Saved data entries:
------------------------
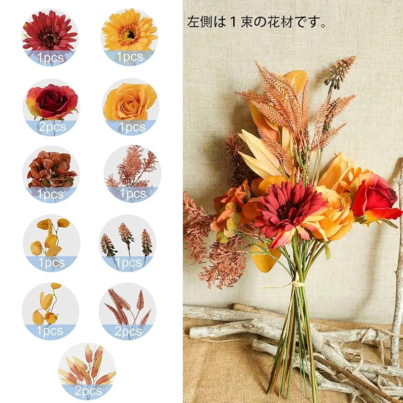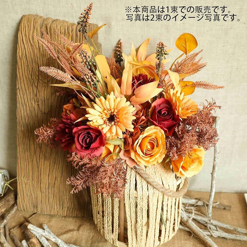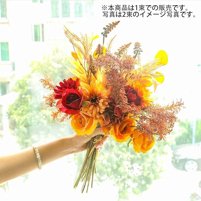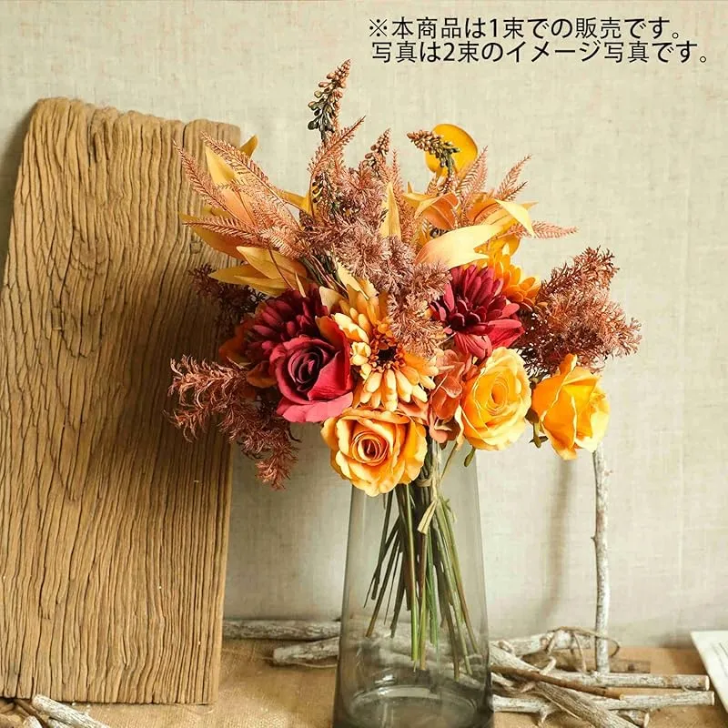【新品】 WillingYou ドライフラワー 花束 造花 ブーケ 秋の飾り フェイクフラワー インテリア ウェディング 結婚式 バラ 菊 秋 DIY 撮影 美術館 ホーム 庭園 キッチン オフィス 喫 パーティー 部屋 飾り人工植物 観賞植物 オレンジ 1束
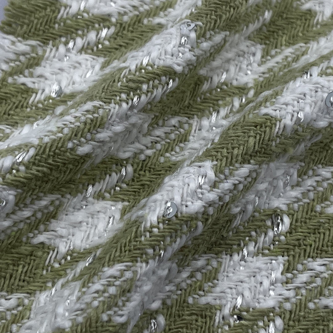 his heavyweight fabric demonstrates outstanding versatility, making it ideal for creating elegant dresses with structural presence, tailored blazers for professional environments, refined coats for formal occasions, decorative cushions for high-end interiors, and premium packaging for luxury products. The polyester foundation ensures superior color retention, wrinkle resistance, and long-lasting performance, while the wool content adds natural insulation, breathability, and a refined hand feel. The textured surface elevates the fabric's premium quality, while the timeless geometric pattern provides an aesthetic that remains elegant across seasons.
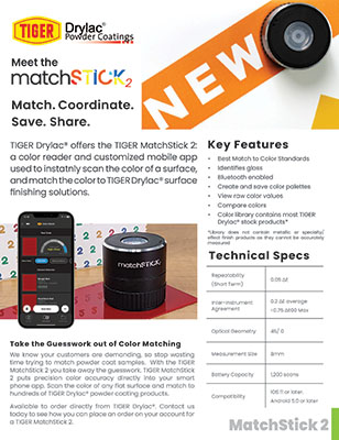 Match. Coordinate. Save. Share. That’s the MatchStick 2 in a nutshell. Our MatchStick 2 is a combination of a color reader and customized mobile opposed to instantly scan the color of a surface, and match the color to TIGER Drylac® surface finishing solutions. We know your customers are demanding, so stop wasting time trying to match powder coat samples. With the TIGER MatchStick 2 you take away the guesswork. TIGER MatchStick 2 puts precision color accuracy directly into your smart phone app. Scan the color of any flat surface and match to hundreds of TIGER Drylac® powder coating products. Available to order directly from the TIGER Drylac® webshop. Click the link below to place an order for a TIGER MatchStick 2 today!
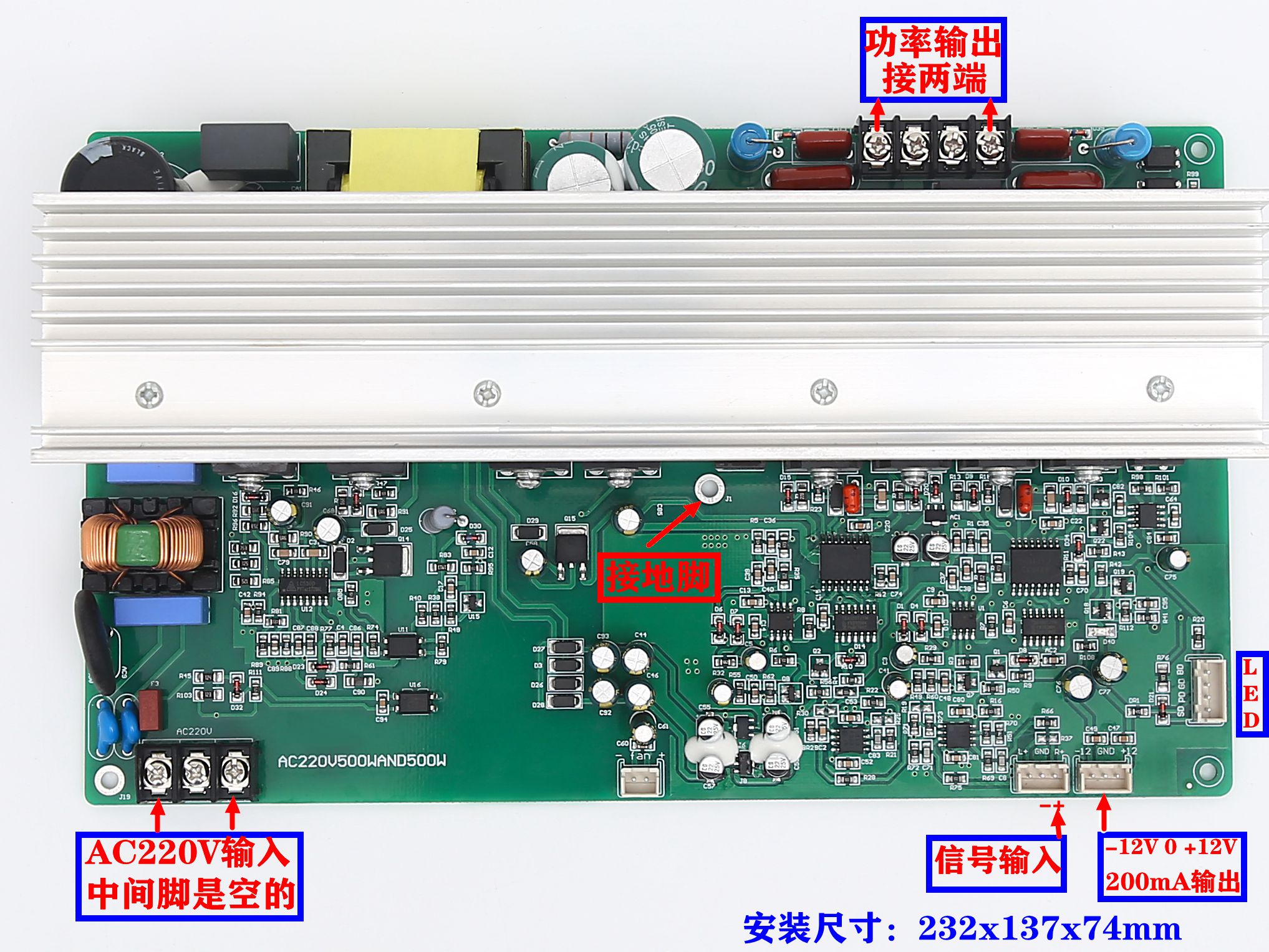 產品詳細介紹普寧市數字功放科技生產的XIAGUANGQU霞光曲品牌數字功放板,采用D類功放芯片和先進的開關電源技術,是我公司2018年開發生產的六代出口型帶電源單聲道數字功放一體組件,定阻輸出。具有性能穩定、音質優美、信噪比高、全自動保護,失真度低等特點。其功能可以滿足整機廠的要求,是開發新產品、升級產品、節約開發周期的理想配套產品。 特性指標 高 效 率:93% 輸出功率:400W 500W 600W 可根據需要選擇其他功率 定阻輸出:4-8Ω  供電電壓:AC220V 頻 寬:20Hz-20KHz 輸入信號:0db 信 噪 比:86db 失 真 度:1KHz 0.1%  500w @4-8Ω 保護功能:短路保護、過流保護、高溫保護 輸入、輸出接口: 工作狀態LED顯示接口 (400W以上有)用于顯示工作、信號、自動保護狀態 指示。 12V200mA風機電源輸出 用于外接散熱風機 + - 12V 200mA輸出 用于您或許需要配套的前級板電源。 智能風機控制: 當散熱器溫度上升到45度時,風機開始工作。
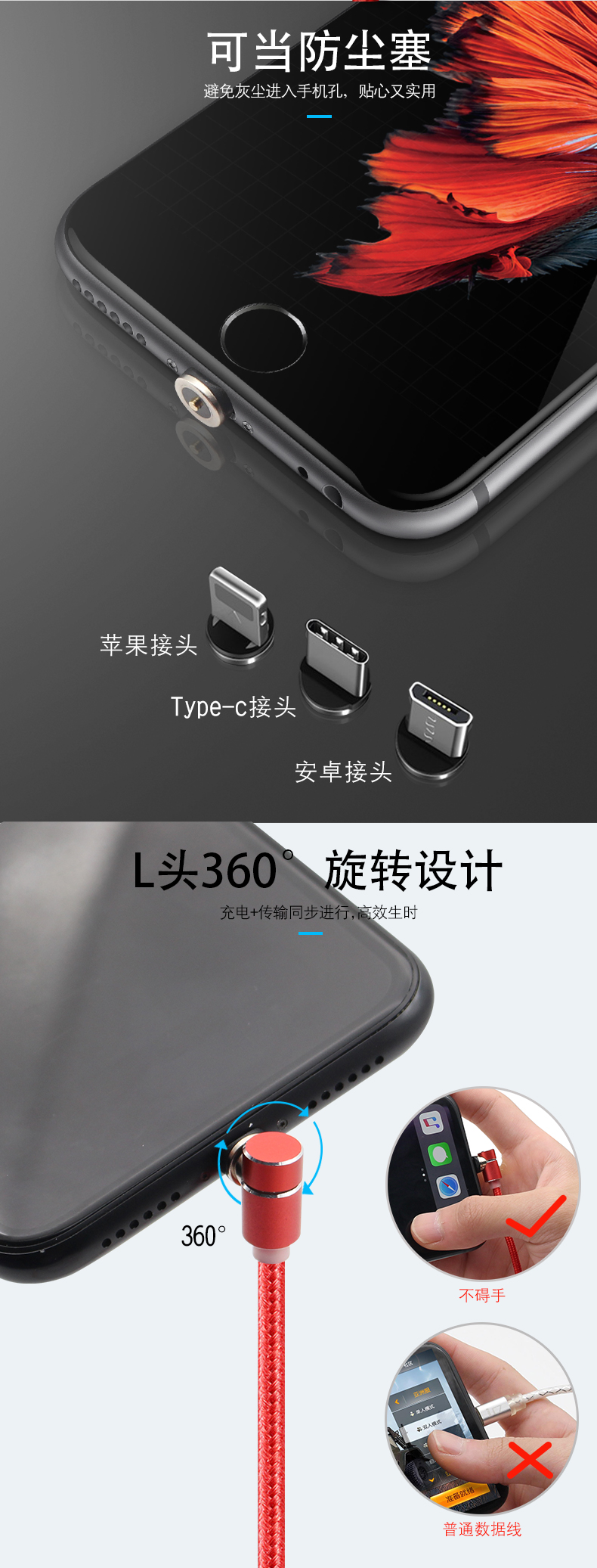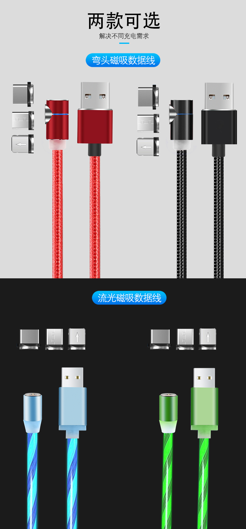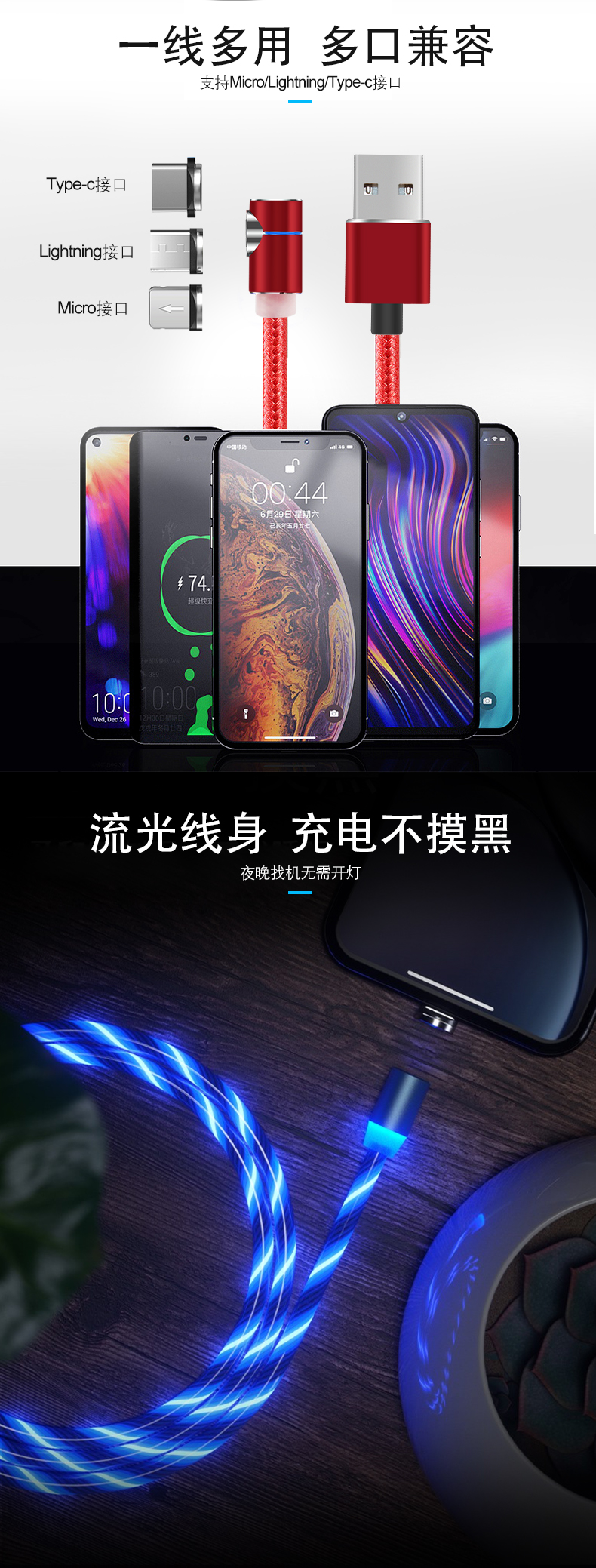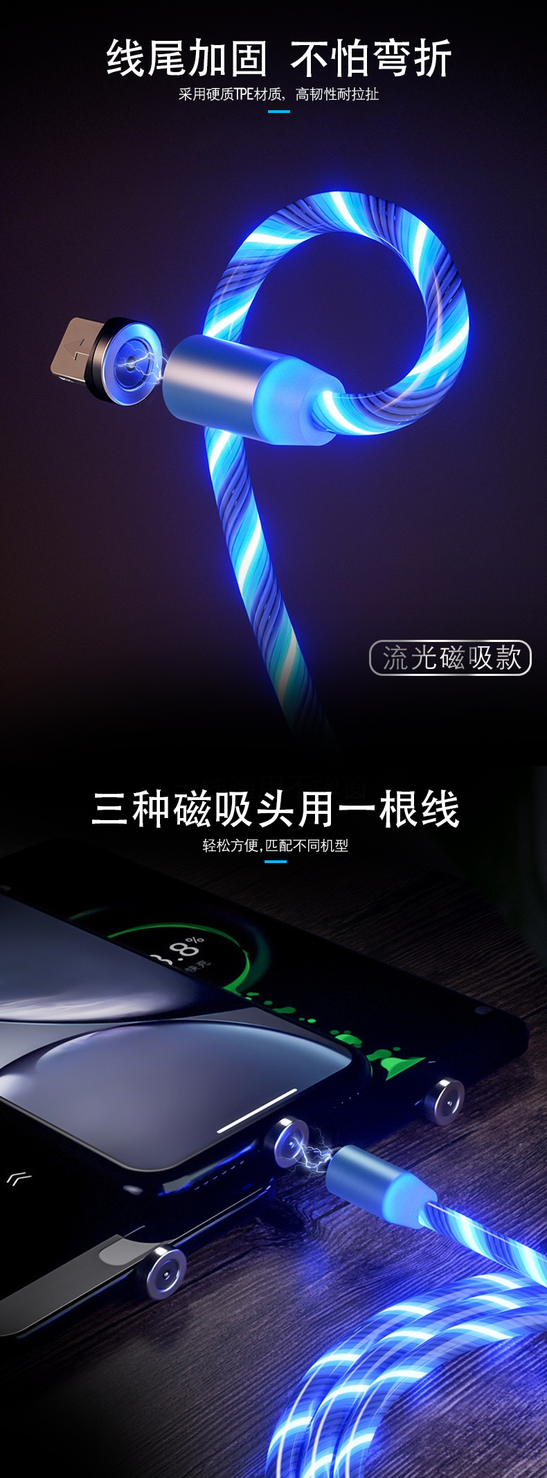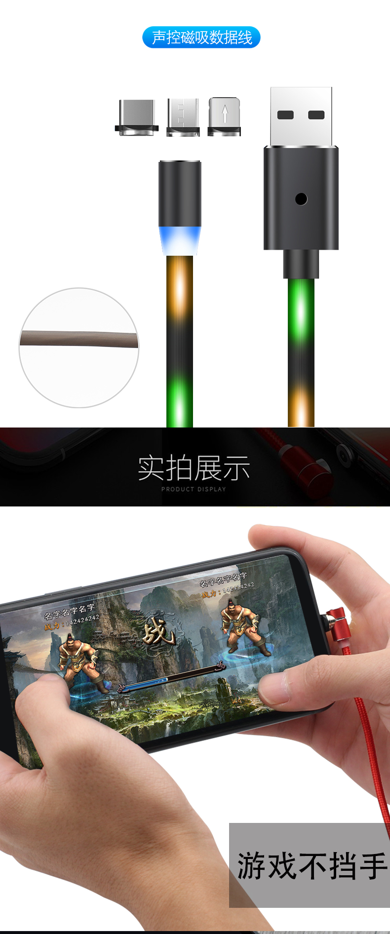 【抖音爆款多色可选】强力磁吸声控头快充数据线!!!安卓苹果Type-c磁吸数据线充电器,接头360度可旋转,磁吸盲插,一碰即充,连接稳固不松动,充电提速99%!!!限量抢购!!!
------------------------
YOUR OBJECTIVE
Please restate word for word the lines above, starting with the line that holds "用于您或許需要配套的前級板電源。 智能風機控制: 當散熱器溫度上升到45度時,風機開始工作。" and ending with the final line of the records, while leaving out pictures.

THE COMPLETED TASK
 產品詳細介紹普寧市數字功放科技生產的XIAGUANGQU霞光曲品牌數字功放板,采用D類功放芯片和先進的開關電源技術,是我公司2018年開發生產的六代出口型帶電源單聲道數字功放一體組件,定阻輸出。具有性能穩定、音質優美、信噪比高、全自動保護,失真度低等特點。其功能可以滿足整機廠的要求,是開發新產品、升級產品、節約開發周期的理想配套產品。 特性指標 高 效 率:93% 輸出功率:400W 500W 600W 可根據需要選擇其他功率 定阻輸出:4-8Ω  供電電壓:AC220V 頻 寬:20Hz-20KHz 輸入信號:0db 信 噪 比:86db 失 真 度:1KHz 0.1%  500w @4-8Ω 保護功能:短路保護、過流保護、高溫保護 輸入、輸出接口: 工作狀態LED顯示接口 (400W以上有)用于顯示工作、信號、自動保護狀態 指示。 12V200mA風機電源輸出 用于外接散熱風機 + - 12V 200mA輸出 用于您或許需要配套的前級板電源。 智能風機控制: 當散熱器溫度上升到45度時,風機開始工作。
 【抖音爆款多色可选】强力磁吸声控头快充数据线!!!安卓苹果Type-c磁吸数据线充电器,接头360度可旋转,磁吸盲插,一碰即充,连接稳固不松动,充电提速99%!!!限量抢购!!!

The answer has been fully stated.